3. **Change `TlsIdentity::RawKey`** from `RawKey(iroh::SecretKey)` to
`RawKey(Ed25519SecretKey)`. Remove the `#[cfg(feature = "iroh")]` gate
— `RawKey` is available in all builds.
4. **Rewire `Ed25519SigningKey`** in `endpoint.rs`:
- Change the inner field from `iroh::SecretKey` to `Ed25519SecretKey`
(or `ed25519_dalek::SigningKey`).
- `spki_public_key()`: use `self.key.public().as_bytes()` (same logic,
different key type — `ed25519_dalek::VerifyingKey` has `as_bytes()`).
- `sign()`: use `self.key.sign(message)` → ed25519-dalek's
`SigningKey::sign` returns `Signature` which has `to_bytes()`.
- Change the cfg gate from `#[cfg(all(feature = "quinn", feature =
"iroh"))]` to `#[cfg(feature = "quinn")]` on `RawKeyCertResolver`,
`Ed25519SigningKey`, and all related impls.
5. **Update `build_iroh_endpoint`**: when `TlsIdentity::RawKey(key)` is
present, convert to `iroh::SecretKey::from_bytes(key.as_bytes())`
before passing to `iroh::Endpoint::builder().secret_key(...)`. This
conversion is `#[cfg(feature = "iroh")]` only.
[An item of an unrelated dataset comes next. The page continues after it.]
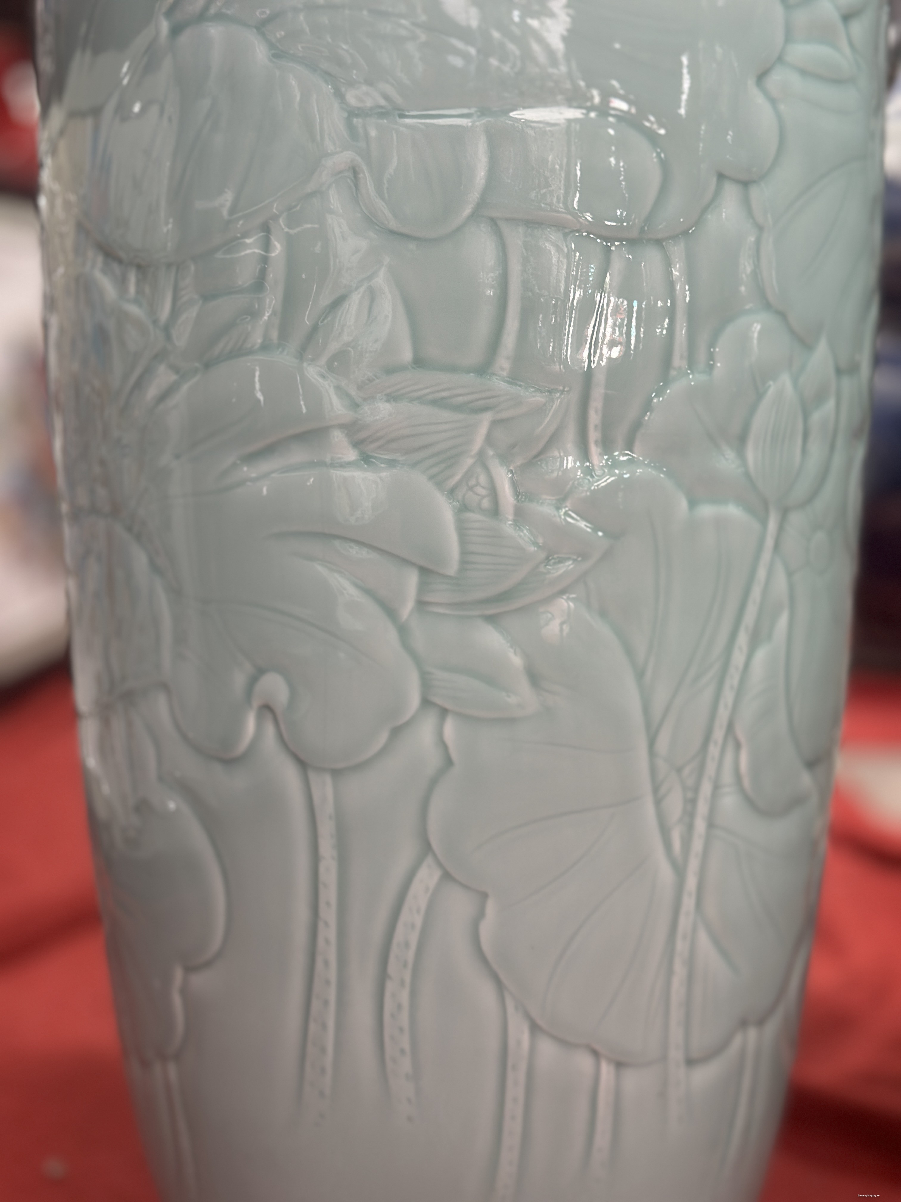 Đôi lục bình men xanh ngọc khắc tay thủ công hoa sen, rất đẹp sắc nét, da sáng như gương.

6. **Update `build_rustls_server_config`**: the `RawKey` arm changes
from `#[cfg(feature = "iroh")]` to always-available (within the
`#[cfg(feature = "quinn")]` function). The `RawKeyCertResolver::new`
takes `&Ed25519SecretKey` instead of `&iroh::SecretKey`.
7. **Update all tests** that construct `TlsIdentity::RawKey`:
- `endpoint.rs` tests: `iroh::SecretKey::generate(&mut csprng)` →
`Ed25519SecretKey::generate()`.
- Any test in `config.rs` that constructs `RawKey`.
### What NOT to change
- `TlsIdentity::X509` and `SelfSigned` — untouched by this task.
- The `endpoint-request-client-cert` task (server config client auth) —
independent, can proceed in parallel or before/after this task.
- ACME — separate follow-up task (`core/acme-integration`).
## Acceptance Criteria
- [ ] `ed25519-dalek` is a direct dependency of alknet-core
- [ ] `Ed25519SecretKey` type exists with `generate`, `from_bytes`, `as_bytes`, `public`; redacting `Debug`; `ZeroizeOnDrop`
- [ ] `TlsIdentity::RawKey` uses `Ed25519SecretKey`, not `iroh::SecretKey`
- [ ] `TlsIdentity::RawKey` is not gated behind `#[cfg(feature = "iroh")]`
- [ ] `RawKeyCertResolver` and `Ed25519SigningKey` are gated `#[cfg(feature = "quinn")]` only (not `all(feature = "quinn", feature = "iroh")`)
- [ ] `build_iroh_endpoint` converts `Ed25519SecretKey` → `iroh::SecretKey::from_bytes`
- [ ] `cargo build -p alknet-core --features quinn` (no iroh) succeeds with `TlsIdentity::RawKey` usable
- [ ] `cargo build -p alknet-core --all-features` succeeds
- [ ] `cargo test -p alknet-core --all-features` succeeds
- [ ] `cargo test -p alknet-core --features quinn` succeeds (quinn-only, no iroh)
- [ ] `cargo clippy -p alknet-core --all-features --all-targets` clean
- [ ] `cargo clippy -p alknet-core --features quinn --all-targets` clean
## References
- ADR-027 — full design rationale
- crates/alknet-core/src/config.rs:33-41 — `TlsIdentity` enum
- crates/alknet-core/src/endpoint.rs:593-689 — `RawKeyCertResolver`, `Ed25519SigningKey`
- crates/alknet-core/src/endpoint.rs:511-538 — `build_iroh_endpoint` (conversion site)
- crates/alknet-core/src/endpoint.rs:484-495 — `build_rustls_server_config` RawKey arm
- /workspace/iroh/iroh-base/src/key.rs:261 — `iroh::SecretKey(SigningKey)` newtype
## Notes
> This is the foundation task for ADR-027. The ACME task
> (`core/acme-integration`) depends on this one because both modify
> `TlsIdentity` and `build_rustls_server_config`. Doing decoupling first
> means the ACME task builds on the cleaned-up enum without iroh coupling.